En 1974 el equilibrista francés Philippe Petit se coló en las Torres Gemelas, por entonces aún sin acabar, y con la ayuda de su novia y una cuadrilla de amigos tendió un cable entre el vacío que las separaba para acto seguido hacer ejercicios de funambulismo sobre él. Lo que inicialmente iba a ser un «simple» paseo suspendido a 415 metros de altura sin ningún tipo de medida de seguridad, se convirtió en una performance de tres cuartos de hora durante los cuales Petit, que terminó su hazaña detenido y esposado, llegó incluso a tumbarse en el cable. Aquella locura, inicialmente calificada poco menos que de gamberrada, acabaría superando las expectativas que su protagonista había puesto en ella al convertir las Torres, consideradas hasta entonces como dos satanazos arquitectónicos enormes y feos (y para colmo de ironías diseñados por un hombre que sufría pánico a las alturas) en icono de Nueva York, aparte de hacer del propio Philippe Petit un hombre mundialmente célebre.
Cualquier lugar es bueno para echarse una siesta.
Este es el eje central de la última película de Robert Zemeckis, que en los ochenta se destapó como el alumno aventajado de Steven Spielberg y que, como tal, ha hecho gala de ello durante toda su trayectoria con las virtudes y defectos que caracterizan tal condición.
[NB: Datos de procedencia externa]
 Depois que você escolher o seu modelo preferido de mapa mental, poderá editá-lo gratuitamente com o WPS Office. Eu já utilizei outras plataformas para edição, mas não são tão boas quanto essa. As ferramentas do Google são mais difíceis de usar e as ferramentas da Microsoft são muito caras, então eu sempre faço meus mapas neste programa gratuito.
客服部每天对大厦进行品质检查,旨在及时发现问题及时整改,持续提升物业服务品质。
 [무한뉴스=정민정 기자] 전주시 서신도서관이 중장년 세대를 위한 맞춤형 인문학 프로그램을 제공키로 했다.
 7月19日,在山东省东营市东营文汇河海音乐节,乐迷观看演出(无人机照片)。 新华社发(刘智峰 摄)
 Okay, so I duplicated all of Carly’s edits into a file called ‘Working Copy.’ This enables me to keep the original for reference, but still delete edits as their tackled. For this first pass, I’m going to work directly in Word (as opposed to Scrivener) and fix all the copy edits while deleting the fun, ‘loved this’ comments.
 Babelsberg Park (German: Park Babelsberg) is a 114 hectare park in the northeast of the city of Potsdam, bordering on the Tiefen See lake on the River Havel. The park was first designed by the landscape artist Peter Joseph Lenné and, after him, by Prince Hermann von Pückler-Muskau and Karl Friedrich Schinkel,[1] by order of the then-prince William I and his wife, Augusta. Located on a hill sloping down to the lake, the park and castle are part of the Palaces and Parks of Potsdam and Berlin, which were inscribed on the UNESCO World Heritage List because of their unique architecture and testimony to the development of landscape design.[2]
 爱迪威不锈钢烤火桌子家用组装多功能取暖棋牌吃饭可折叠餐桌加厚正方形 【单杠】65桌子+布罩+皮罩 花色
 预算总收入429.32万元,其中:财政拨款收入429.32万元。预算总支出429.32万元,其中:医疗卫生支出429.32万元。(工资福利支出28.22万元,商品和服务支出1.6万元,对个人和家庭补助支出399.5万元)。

Porque, como Spielberg, Zemeckis sabe hacer cine la mar de entretenido. Porque, como Spielberg, no sabe afrontar temas serios o directamente espinosos. Y porque, como Spielberg, presume de una estomagante ideología conservadora que saca a relucir incluso en sus películas aparentemente mas inocuas como Regreso al Futuro o Forrest Gump.
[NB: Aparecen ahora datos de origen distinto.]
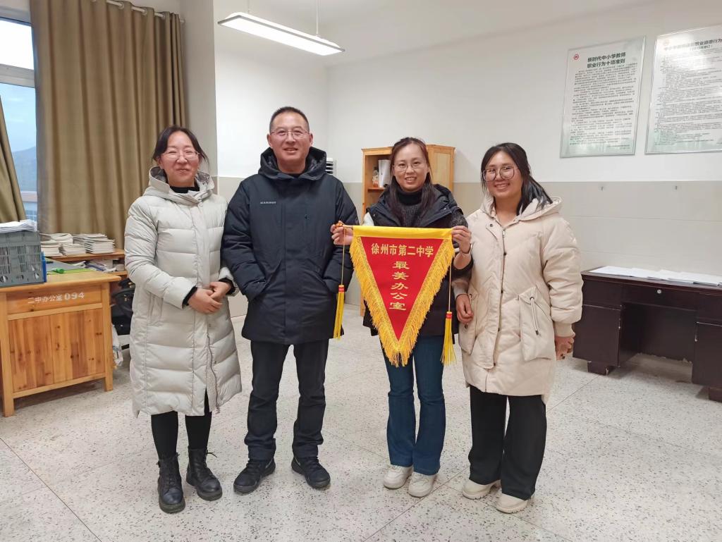 2023年12月,我校工会根据《开展徐州市第二中学“最美办公室”评比活动通知》要求继续开展各项工作。各工会小组积极宣传,全校办公室积极行动、整改前期存在问题。依据检查小组12月四次检查和平时抽查情况,评比出:办-401、办-203、办-305、办-312四间办公室获得活动一等奖。1月8日下午,工会主席朱洪磊为他们现场颁发“最美办公室”流动红旗。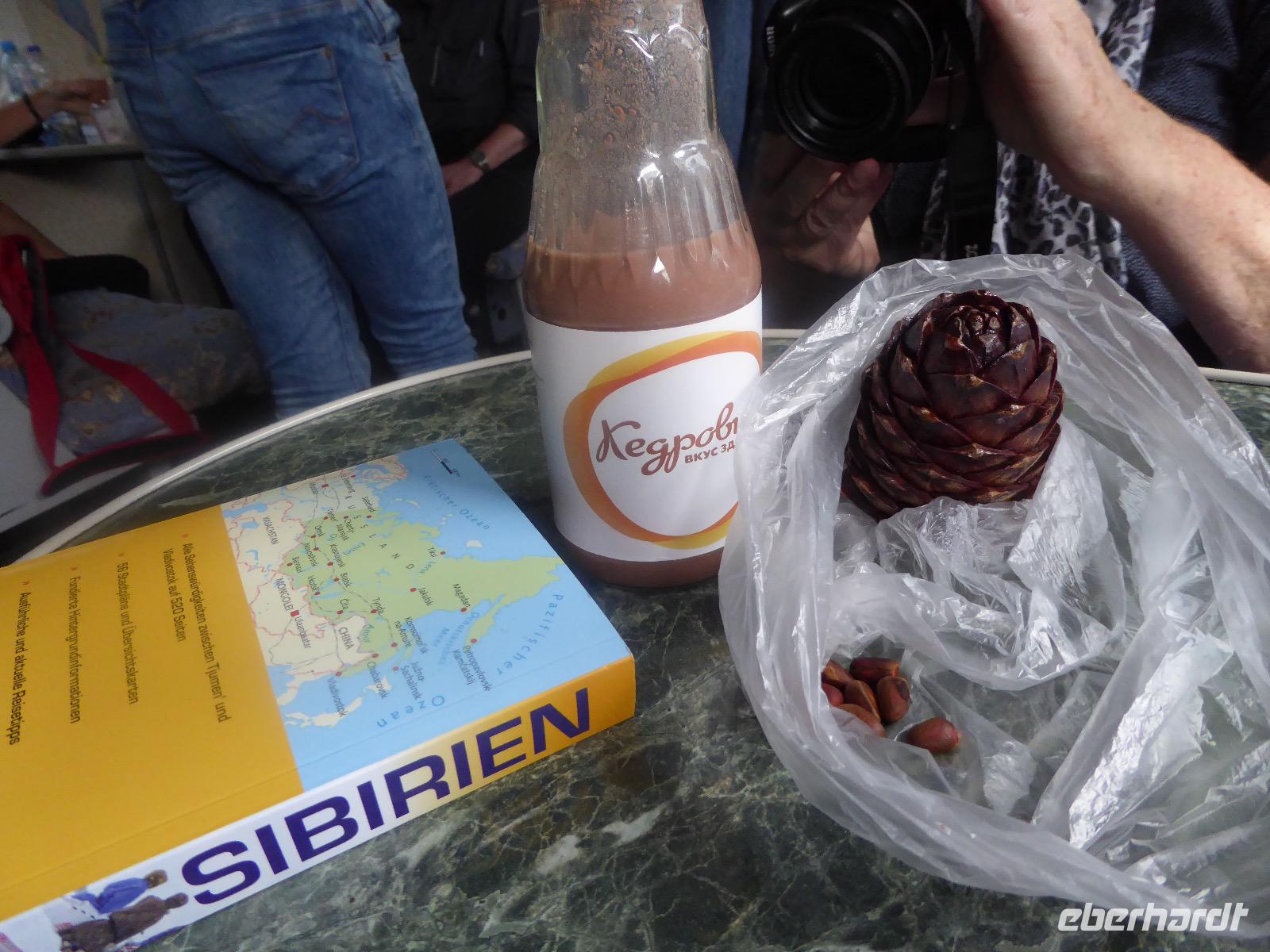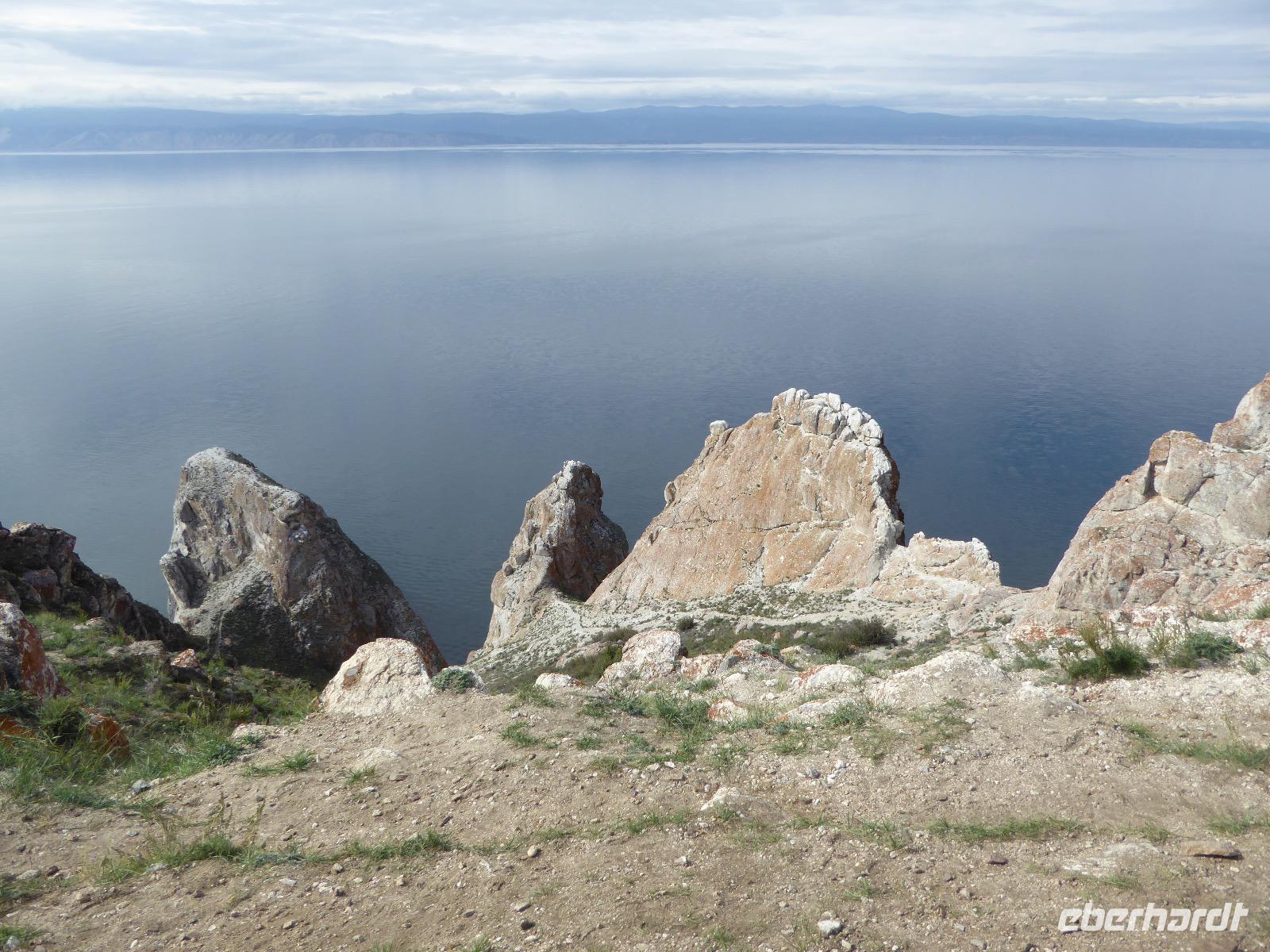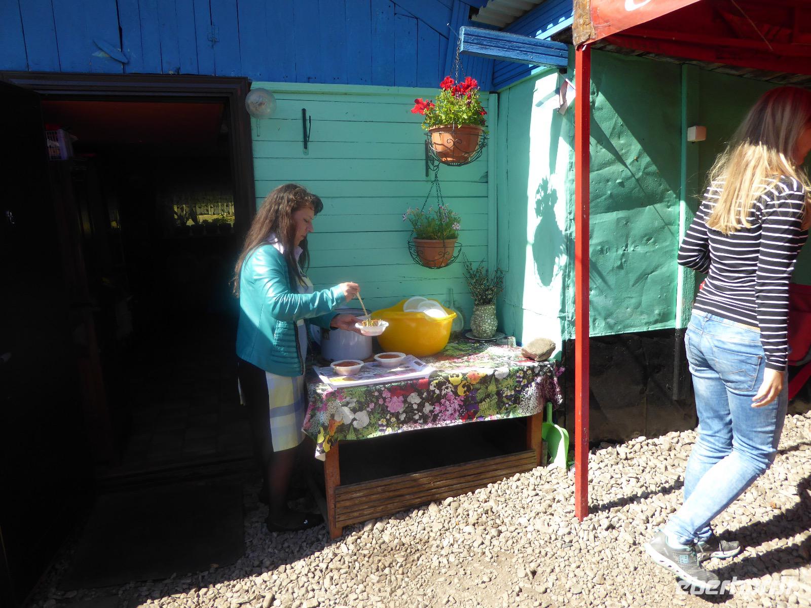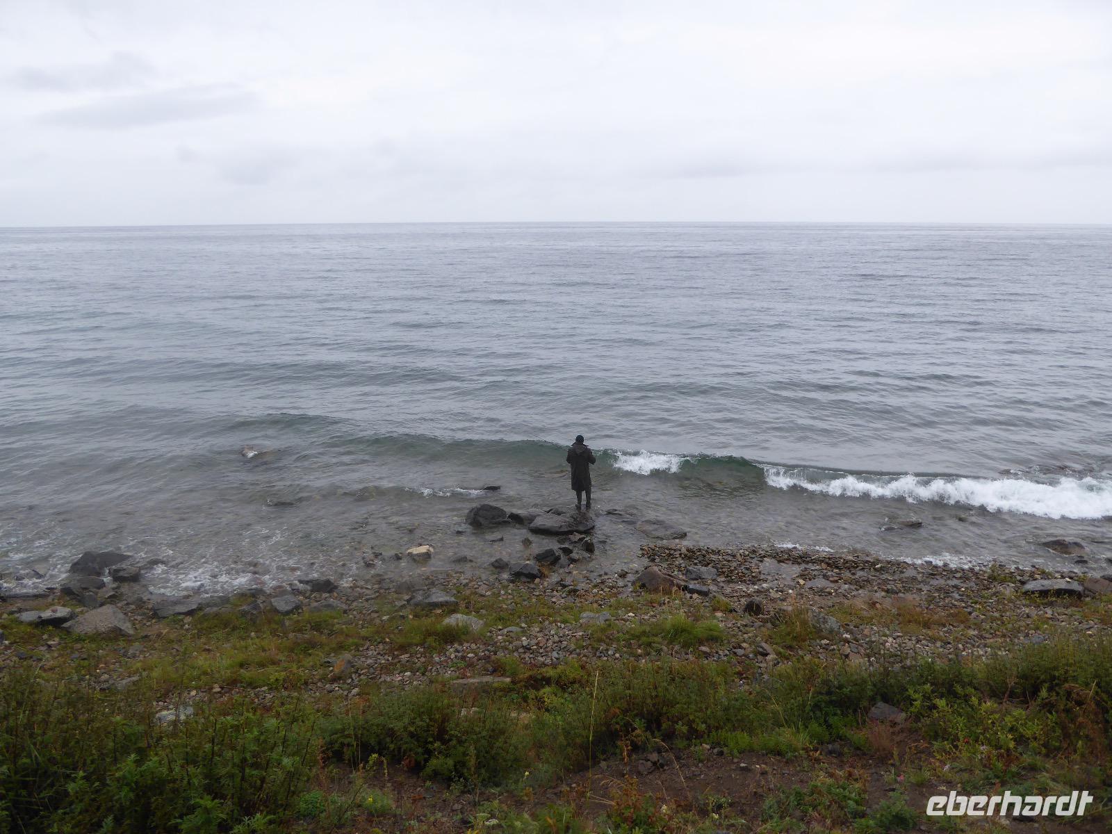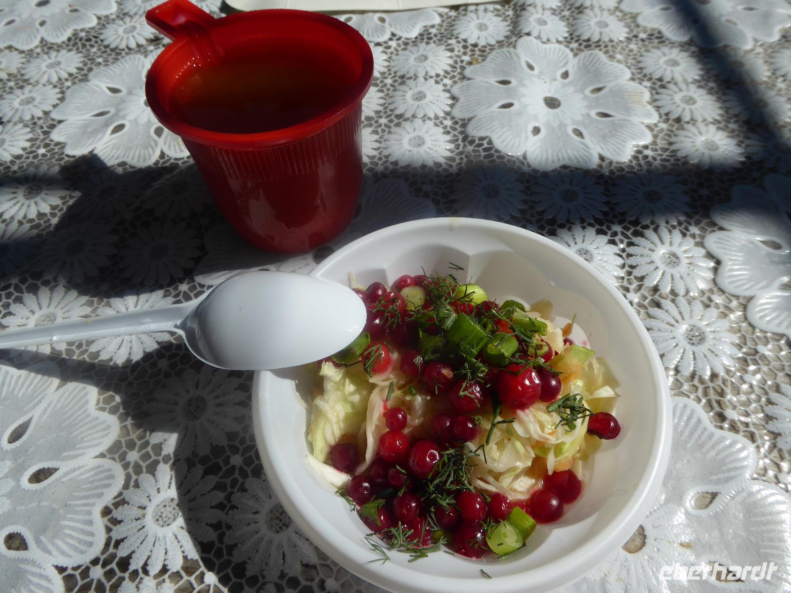 Am Abend haben wir festgelegt, wer wann das Bad benutzen darf. Das klappt prima. Frühstück gibt's um acht. Rührei mit Brokkoli, Brot, Honig mit Preiselbeeren. Um zehn treffen die Bewohner von Gasthaus 1 in Gasthaus 2 ein. Gemeinsam wandern wir zum Weisheitsfelsen. Eine Zeit lang geht es die Straße entlang, dann den Berg hinauf. Steil. Nach einer Stunde erreichen wir ein Fleckchen unterhalb des Gipfels. Weiter höher hinauf trauen sich nur Peter und Christine, es ist noch steiler und vor allem rutschig. Soja und Tanja erzählen Geschichten von der Entstehung des Dorfes. Dann geht es wieder bergab. Wir spazieren durch das Dorf, vorbei am Magasin und am Bäcker. Mittagessen gibt es in den Gasthäusern. Borstsch, Omul, Gurke und Tomate. Den Nachmittag verbringen wir mit einem Spaziergang am Baikalsee. Bei Michail kehren wir ein, hier gibt es WIFI und leckeren Kräutertee. Galina bereitet das Abendessen vor. Pelmeni, Omul und Wodka.

The Walk, traducida en ocasiones como El desafío, reúne todo eso pero mitigado. Es entretenida, sí, pero sin lograr captar del todo nuestra atención hasta el último acto, que recoge el angustioso paseo de Petit entre las Torres haciendo uso de unos magníficos efectos especiales para recrear, con notable fidelidad, los edificios y su entorno. Como película de temática seria tampoco es redonda porque Zemeckis se queda en lo superficial, evitando profundizar demasiado en cosillas sin importancia como los seis años que Petit estuvo preparando lo que él denominaba «El Golpe» y sin ahondar en cuestión psicológica alguna, un campo bastante interesante que podría haber dado mucho juego tratándose de un acto de enajenación mental como este. En cuanto a la ideología, por fortuna aquí no se nota en demasía pese a que Zemeckis, un meapilas de libro, acaba de superar un largo proceso de rehabilitación tras años de alcoholismo y últimamente está, según dicen las malas lenguas, muy tocapelotas con el rollo ese de la redención y tal.
«Alcemos nuestra mirada al cielo para invocar al Señor».
En resumidas cuentas, una película bienintencionada, intrascedente y vocacionalmente inocente que deja un cúmulo de sensaciones encontradas especialmente en su edición española, lastrada por un doblaje en el que los implicados intentan imitar el acento francés de los actores originales con un resultado entre espeluznante y cómico. Queda claro que con otro director más adecuado este material podría haber dado bastante más de sí, pero con todo vale la pena dedicarle las dos horas que dura y sacar conclusiones propias. La paupérrima taquilla de la cinta, que apenas ha recaudado un tercio de los 35 millones que costó (presupuesto francamente bajo para lo que se estila hoy en el cine made in Hollywood), en otra época habría sido un claro indicio de estar ante un producto sin interés. En esta, con el cine malviviendo de un público mentalmente prepúber al que solo le interesan franquicias y superhéroes de mierda, esas posibles pistas carecen casi totalmente de validez.
Resultado: Aplausos. con los brazos en alto por aquello de buscar analogías con la peli y eso.